Лошади тянулись к воде. Они погружали нежные губы и медленно пили. Подняв голову, стояли задумчиво, будто смаковали, и снова пили, водя губами по воде, точно искали более вкусную струю. Задние нетерпеливо ожидали очереди. Они ржали, копали ногою по камням, просили, напоминая о себе.
— Ты не спеши, Коздоев. Она еще пить хотит, а ты ее тянешь, ишь, нетерпячка какой.
— Она тольки так… балуется, господин вахмистр, — робко ответил молодой, хорошенький, похожий на девушку солдат, из-под длинных ресниц глядя большими глазами на вахмистра.
— А тебе что? Пускай и побалуется. Ей это, лошади, удовольствие, ты и доставь его… Ну, все, что ль?
Последние лошади тянули сквозь зубы воду.
— Трубач! Играй «к овсу»!
Резкие звуки медной трубы порвали темный \'Сумрак конюшни и понеслись по коридорам, дробясь и отдаваясь о каменные арки переходов. Им ответило стоголосое, довольное, радостное и сдержанное ржание. У овсяного ларя фуражир и взводные черным, обитым светло-медными обручами гарнцем насыпали овес в торбы. Солдаты толпились подле.
— Ласточке уменьшенную…
— Барабану полтора, — слышались голоса, и люди расходились с тяжелыми торбами до конюшни. Все тише становилось в ней. Дневальные метлами собирали перхоть, люди стояли у станков, ожидая, когда кончат, есть овес их кони. Фуражир с раздатчиками навешивал на безмене сено. Его разбирали по «дачкам».
Мерный шорох жевания сливался в сладко звучащую, монотонную мелодию, и, казалось, людям передавалось лошадиное удовольствие.
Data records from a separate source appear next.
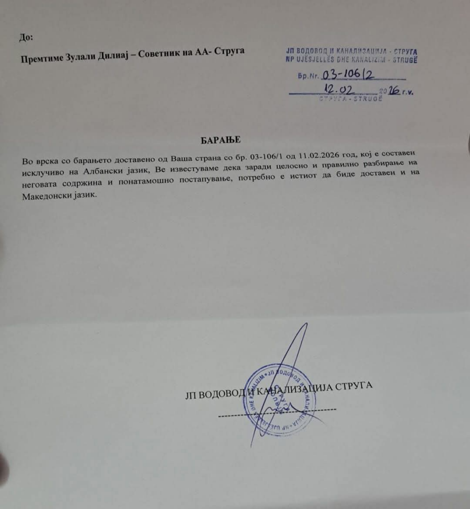 “Fol maqedonisht” është pergjigja e institucioneve të Komunës së Strugës, thua ti se i jam drejtuar Komunës së Kraljevës e jo Komunës së Strugës!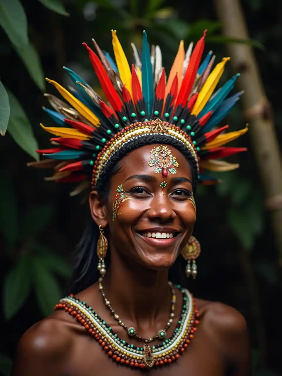 MackenziePapua New Guinea Lady Smile, Tiara, Bulu multiwarna yang cerah, Coklat coklat Latar belakang daun gelap, Tropis, Cahaya dramatis, Warna pelangi yang semarak, Cat wajah Tribal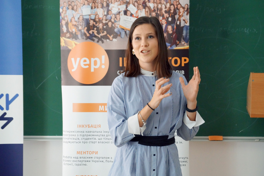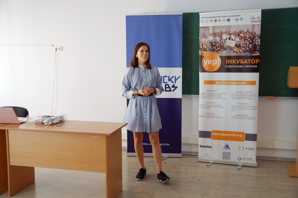 Захід розпочала Валерія Голерова – менеджер з міжнародного партнерства мережі академічних бізнес-інкубаторів Yep! Під час доповіді слухачі дізнались про основні аспекти функціонування бізнес-інкубаторів для молоді; що таке стартап та хто такі стартапери; що потрібно робити, щоб заснувати стартап в Україні та де шукати підтримки. Спікер звернула увагу на те, що кожний стартап має пройти певні етапи розвитку, а саме: «інкубація», «акселерація», «bridge», «експертиза». Також, всіх студентів було запрошено на навчання у підприємницький клуб Yep!, який відкрито на базі Київського університету імені Бориса Грінченка. В клубі відбуватимуться зустрічі з локальними підприємцями, обговорення нових ідей та проектів, тематичні перегляди фільмів та відео-лекцій. Місія клубу – розвиток підприємницької культури та мислення у студентів, стимулювання стартап руху серед молоді та зародження тренду на створення стартапів в університетах.

Они слушали шорох еды и вдыхали тонкий спиртной запах влажного согретого лошадиным дыханием овса. Этот шорох прерывался иногда вздохом, пофыркиванием или окриком солдата:
— Ну, чаво бросаешь! Непутевая!
Бурашка ходил за вахмистром. Хвост колесом, морда поднятая. Солдаты окликали его: «Буран! А, Бурашка милой! К нам пожаловал!» Бурашка поворачивал голову на звавших, улыбался, морща верхнюю губу, и сверкал маленькими черными глазами, но ни к кому не подходил. Точно говорил: «Знаю, что вы меня любите. И я вас люблю. Мы с вами одна семья. А только я теперь при деле».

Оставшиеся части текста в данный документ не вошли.